Eco-Business: AI's Societal Risks Make Governance a Business-Wide Challenge
- 5 hours ago
- 2 min read

As featured in Eco-Business, June 24, 2026
AI governance is no longer a technology department problem. It's a boardroom imperative — and most companies aren't treating it that way.
That's the view Steve Okun, Founder and CEO of APAC Advisors, shared in a recent Eco-Business feature on AI's mounting societal risks in Singapore. His core argument: the risks AI brings cut across every geography, sector, and stakeholder group, and nearly every business now plays a role in shaping its impact.
The piece focuses on what Okun calls the "Responsible AI Trilemma" — three interconnected pressures that leaders can no longer afford to ignore: environmental footprint, workforce disruption, and inequality.
On workforce displacement, Okun pushes back on the comfortable assumption that automation mainly threatens low-skilled roles. AI is increasingly disrupting white-collar and knowledge-based work — and the benefits that do emerge are likely to concentrate among those already ahead. "AI is often framed as the great equaliser," he said. "The reality is the opposite. Without deliberate action, AI's gains flow to those already ahead, widening Singapore's divides rather than closing them."

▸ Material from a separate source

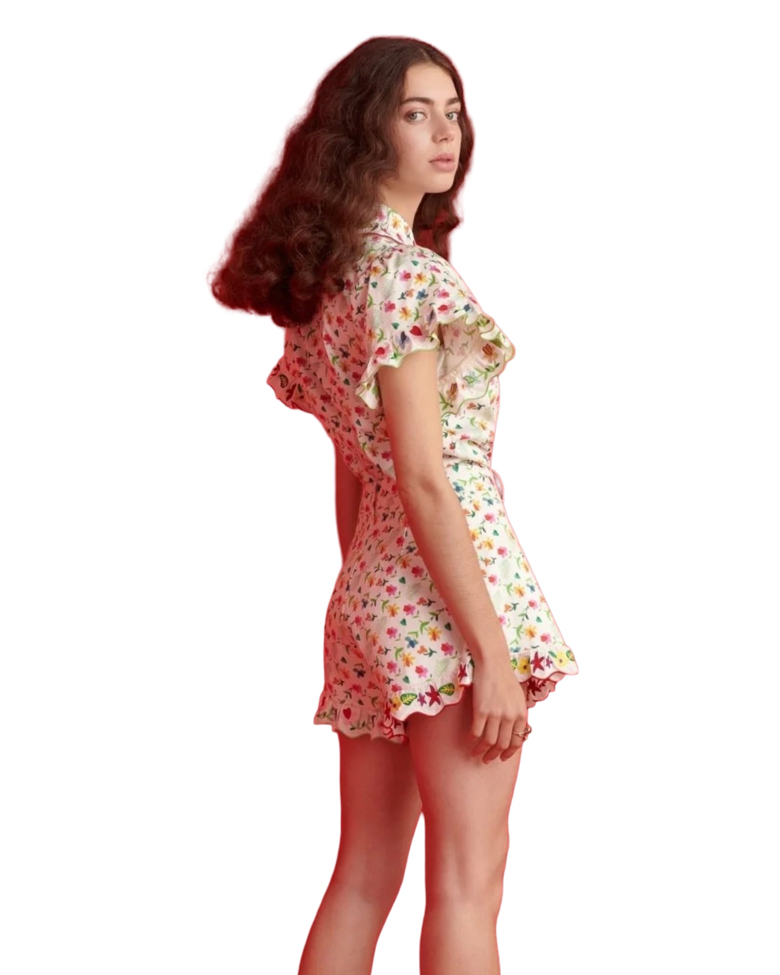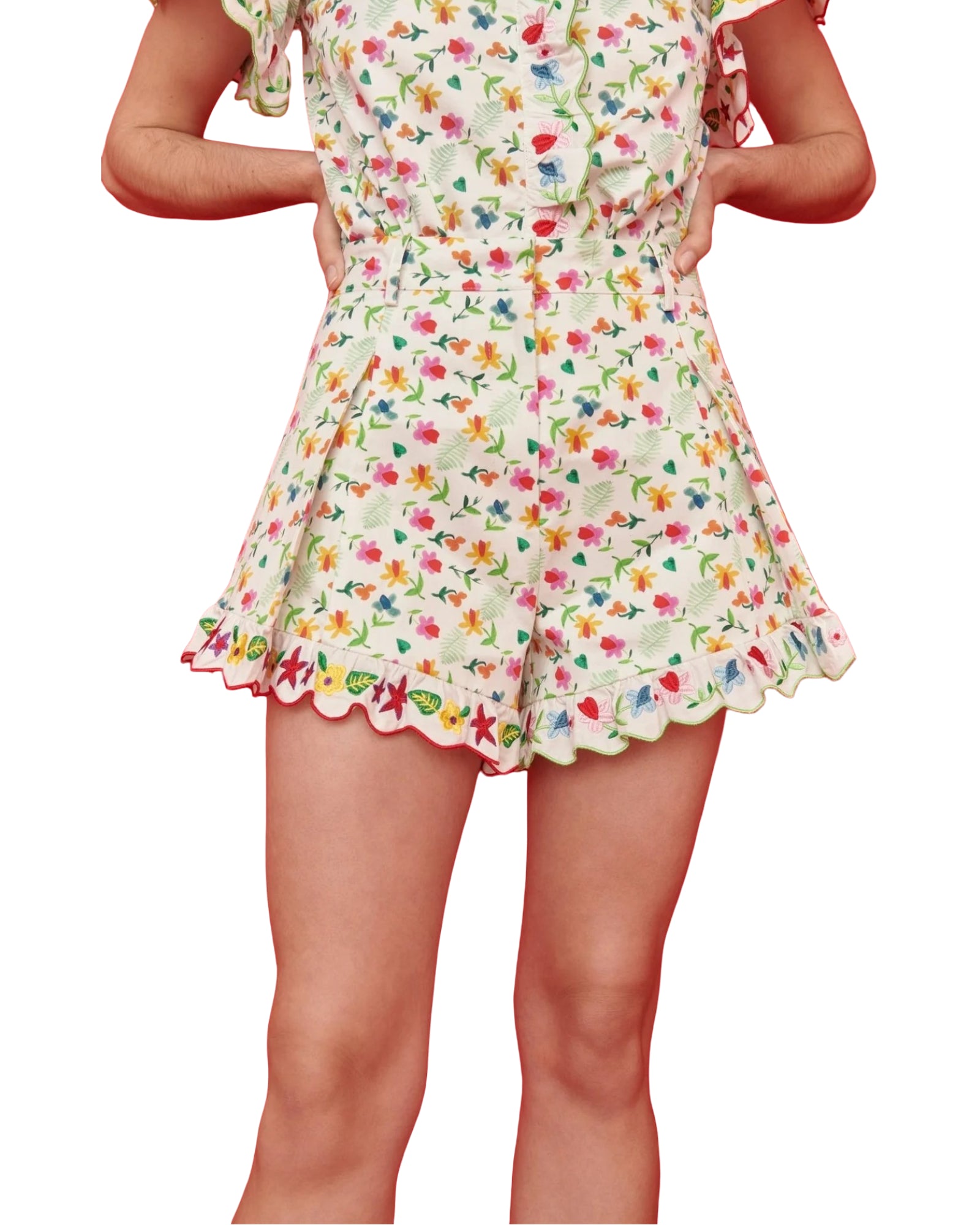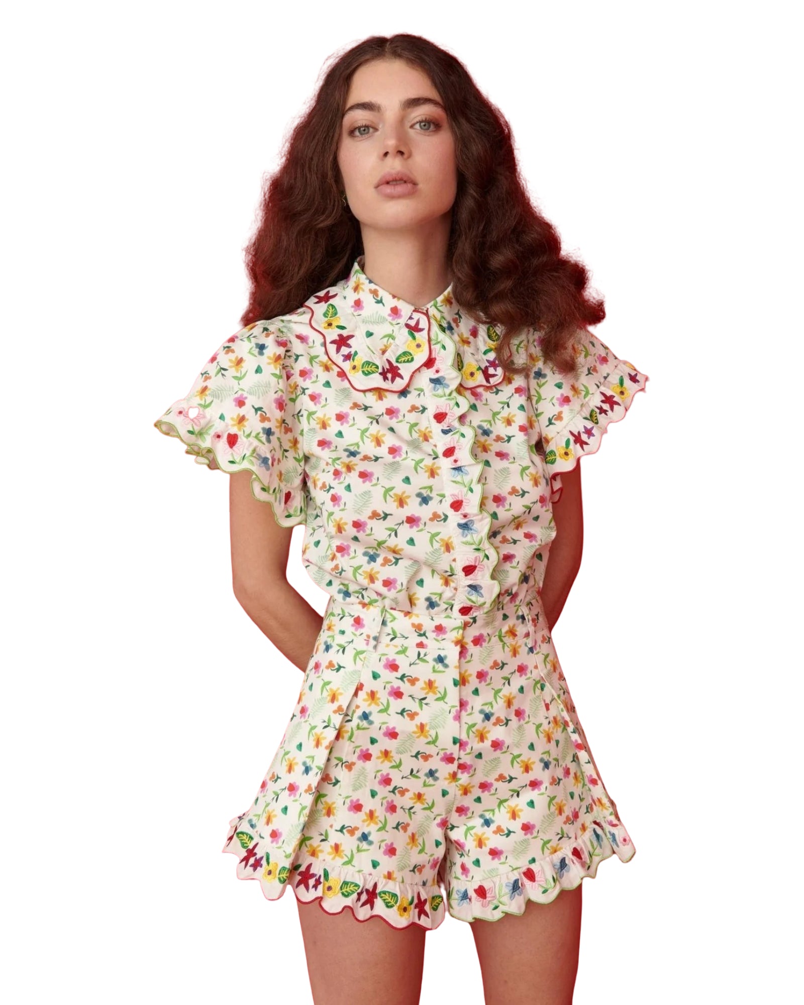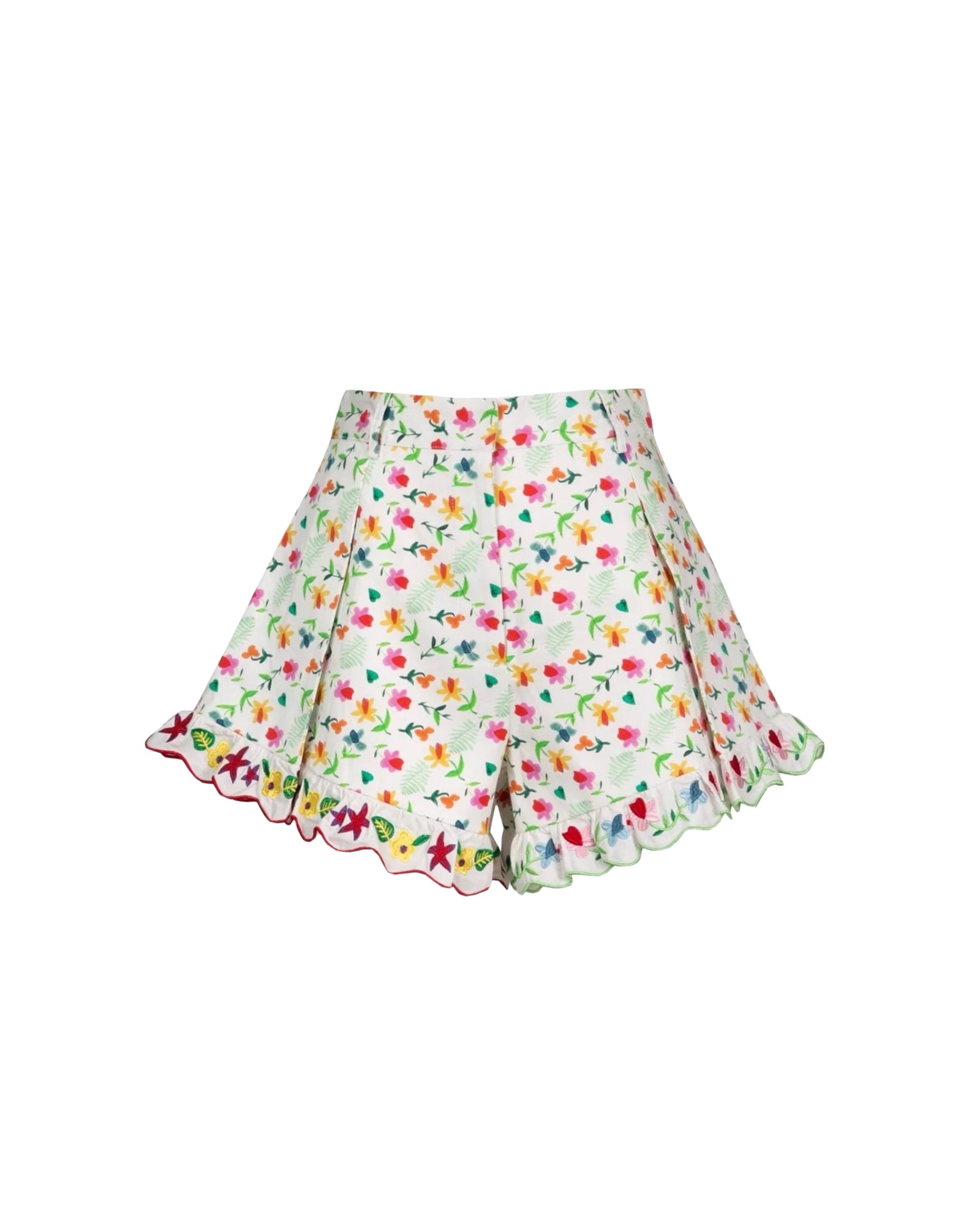 • Scalloped hem trimmed with vibrant hearts and flowers
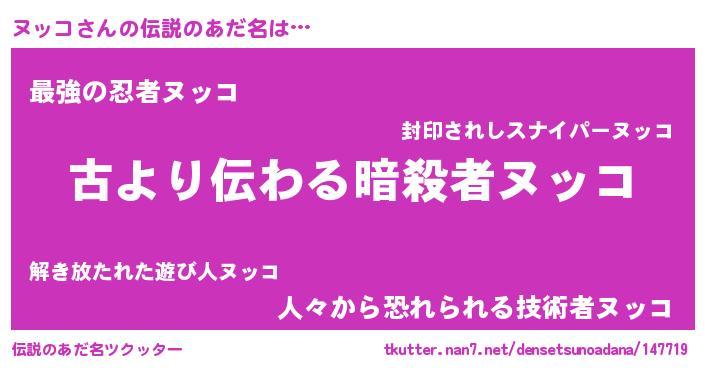 | ヒーロー風カッコイイあだ名 | 『ネオヌッコ』『仮面ヌッダー』 |

On governance, Okun welcomed Singapore's policy efforts but argued they don't go far enough. SkillsFuture and voluntary frameworks are a start — but the responsibility cannot fall on workers alone. "Singapore's response will fall short unless businesses and investors step up too."
His call to action for corporate leaders is clear: treat AI risk the same way you treat climate risk. Stress-test your business model. Plan for a future where access to AI is scarce, expensive, or constrained by regulation. "AI access may not always be unlimited as risks mount," he said. "Companies need to stress-test their plans to ensure business continuity.